[Activity]
Once you find the line containing "ภายในงาน (ภาคเช้า) ได้มีกิจกรรมทำบุญตักบาตร", set down exactly that line and every one after it through the end of the listing below, with both ends included and any pictures omitted.

[Data section]
= Beginning of Section =

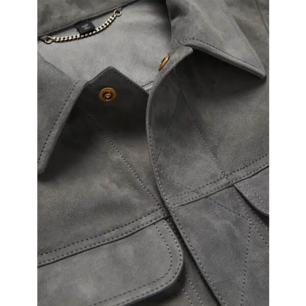 Questa giacca da camionista in pelle scamosciata slim fit è un vero piacere da indossare, amata da uomini di ogni età. Realizzata in pelle scamosciata grigia di alta qualità, è semplice ma al tempo stesso elegante e alla moda. Il suo design è pensato per la vita quotidiana, con un colletto stile camicia e una pratica chiusura a cerniera YKK.
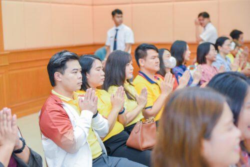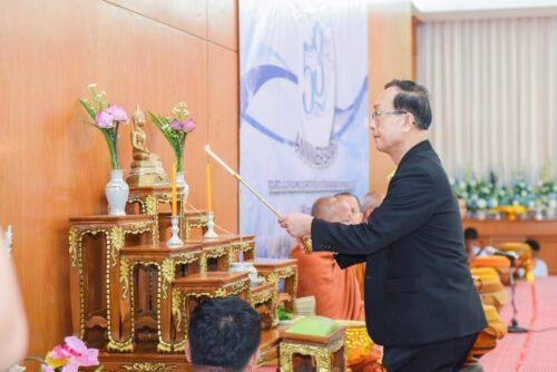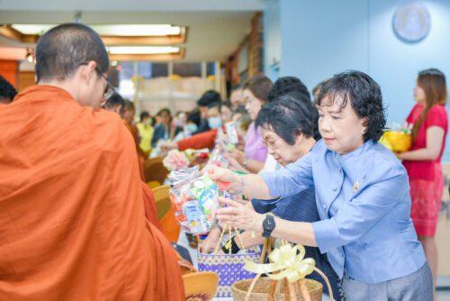 ภายในงาน (ภาคเช้า) ได้มีกิจกรรมทำบุญตักบาตร ถวายภัตตาหารเช้าแด่พระสงฆ์ จำนวน 9 รูป และพิธีสวดเจริญพุทธมนต์ เพื่อความเป็นสิริมงคล แก่ผู้บริหาร อาจารย์ บุคลากร และนักศึกษา คณะพยาบาลศาสตร์ มหาวิทยาลัยขอนแก่น และเพื่อรักษาวัฒนธรรมขนบธรรมเนียมประเพณีอันดีงาม พร้อมร่วมรำลึกและภาคภูมิใจ ในประวัติและผลงานของคณะฯ รวมถึงการประกอบกุศลกิจเพื่อประโยชน์แก่สังคม
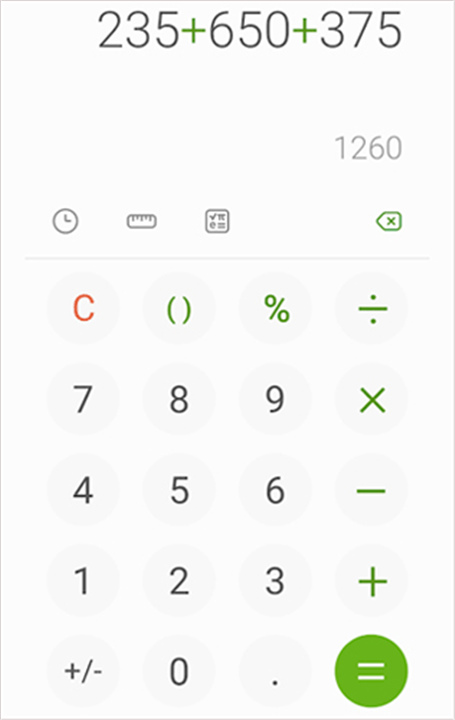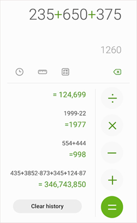 三星计算器支持大数运算,最高可达200位以上,并可进行加、减、乘、除运算,挑战操作的极限,同步升级,提供更多的计算功能,是日常生活中完美的帮手,利率是自动更新的,货币可以在中间自由兑换,在计算工资领取个人收入时,五险一金缴纳数额一目了然,点击计算结果,选择将其转换为中文大写字母,使费用报销更加方便,计算结果在整个计算过程中随时随地显示,如果在计算过程中发现任何输入错误,应在不影响当前计算的情况下立即更改。

= End of Section =

[Task solution]
 ภายในงาน (ภาคเช้า) ได้มีกิจกรรมทำบุญตักบาตร ถวายภัตตาหารเช้าแด่พระสงฆ์ จำนวน 9 รูป และพิธีสวดเจริญพุทธมนต์ เพื่อความเป็นสิริมงคล แก่ผู้บริหาร อาจารย์ บุคลากร และนักศึกษา คณะพยาบาลศาสตร์ มหาวิทยาลัยขอนแก่น และเพื่อรักษาวัฒนธรรมขนบธรรมเนียมประเพณีอันดีงาม พร้อมร่วมรำลึกและภาคภูมิใจ ในประวัติและผลงานของคณะฯ รวมถึงการประกอบกุศลกิจเพื่อประโยชน์แก่สังคม
 三星计算器支持大数运算,最高可达200位以上,并可进行加、减、乘、除运算,挑战操作的极限,同步升级,提供更多的计算功能,是日常生活中完美的帮手,利率是自动更新的,货币可以在中间自由兑换,在计算工资领取个人收入时,五险一金缴纳数额一目了然,点击计算结果,选择将其转换为中文大写字母,使费用报销更加方便,计算结果在整个计算过程中随时随地显示,如果在计算过程中发现任何输入错误,应在不影响当前计算的情况下立即更改。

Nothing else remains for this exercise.